**Assignment:** Quote the lines below from the one containing "Die Meeraner Draufgänger-Guggis" to the final line, both ends included; exclude the pictures.

**Stored data:**
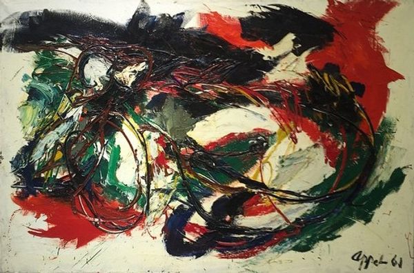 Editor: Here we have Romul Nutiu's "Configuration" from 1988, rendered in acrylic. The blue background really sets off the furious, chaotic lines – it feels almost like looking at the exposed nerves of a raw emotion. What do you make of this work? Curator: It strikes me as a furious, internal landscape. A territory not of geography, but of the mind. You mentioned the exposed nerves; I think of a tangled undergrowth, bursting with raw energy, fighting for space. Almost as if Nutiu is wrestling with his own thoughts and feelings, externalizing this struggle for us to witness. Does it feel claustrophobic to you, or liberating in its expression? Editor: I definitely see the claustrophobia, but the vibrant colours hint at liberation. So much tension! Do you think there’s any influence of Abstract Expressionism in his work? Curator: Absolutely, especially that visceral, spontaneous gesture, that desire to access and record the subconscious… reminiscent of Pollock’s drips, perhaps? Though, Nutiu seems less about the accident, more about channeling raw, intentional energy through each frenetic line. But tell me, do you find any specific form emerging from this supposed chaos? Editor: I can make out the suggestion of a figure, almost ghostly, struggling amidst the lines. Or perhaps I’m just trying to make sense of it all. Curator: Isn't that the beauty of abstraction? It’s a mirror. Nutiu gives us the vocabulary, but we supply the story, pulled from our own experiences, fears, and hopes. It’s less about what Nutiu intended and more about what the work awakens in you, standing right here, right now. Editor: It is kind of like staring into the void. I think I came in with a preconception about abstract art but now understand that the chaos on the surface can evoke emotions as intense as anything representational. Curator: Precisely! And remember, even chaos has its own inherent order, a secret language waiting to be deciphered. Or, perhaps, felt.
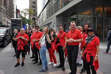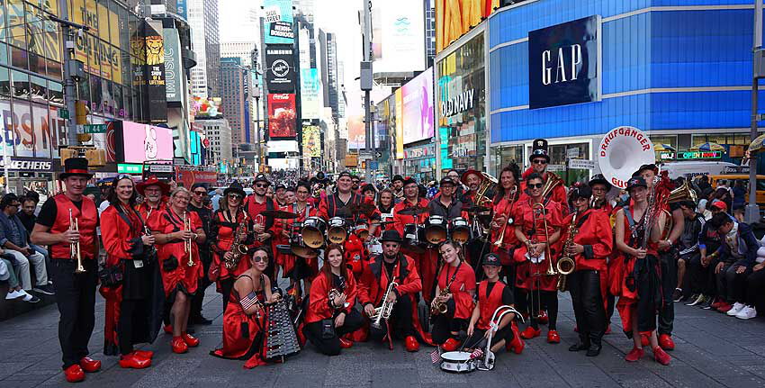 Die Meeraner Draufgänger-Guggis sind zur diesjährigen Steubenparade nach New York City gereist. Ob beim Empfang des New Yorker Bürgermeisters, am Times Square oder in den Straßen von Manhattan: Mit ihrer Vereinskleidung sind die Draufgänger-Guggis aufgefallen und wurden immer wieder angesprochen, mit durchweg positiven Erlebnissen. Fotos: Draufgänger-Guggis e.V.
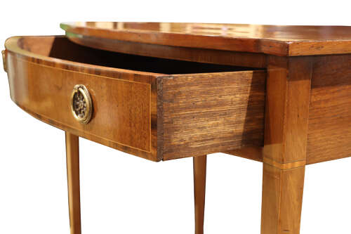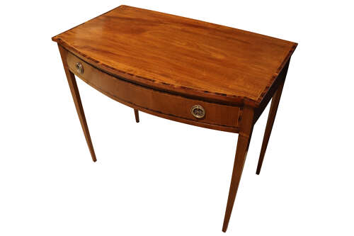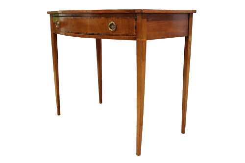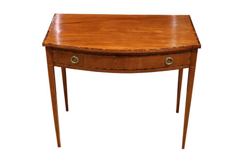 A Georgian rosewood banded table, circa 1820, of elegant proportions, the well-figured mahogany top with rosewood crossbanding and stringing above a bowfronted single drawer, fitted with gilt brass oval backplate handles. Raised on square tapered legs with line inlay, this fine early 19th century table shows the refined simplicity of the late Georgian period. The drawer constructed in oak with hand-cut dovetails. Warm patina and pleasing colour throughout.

**Task result:**
 Die Meeraner Draufgänger-Guggis sind zur diesjährigen Steubenparade nach New York City gereist. Ob beim Empfang des New Yorker Bürgermeisters, am Times Square oder in den Straßen von Manhattan: Mit ihrer Vereinskleidung sind die Draufgänger-Guggis aufgefallen und wurden immer wieder angesprochen, mit durchweg positiven Erlebnissen. Fotos: Draufgänger-Guggis e.V.
 A Georgian rosewood banded table, circa 1820, of elegant proportions, the well-figured mahogany top with rosewood crossbanding and stringing above a bowfronted single drawer, fitted with gilt brass oval backplate handles. Raised on square tapered legs with line inlay, this fine early 19th century table shows the refined simplicity of the late Georgian period. The drawer constructed in oak with hand-cut dovetails. Warm patina and pleasing colour throughout.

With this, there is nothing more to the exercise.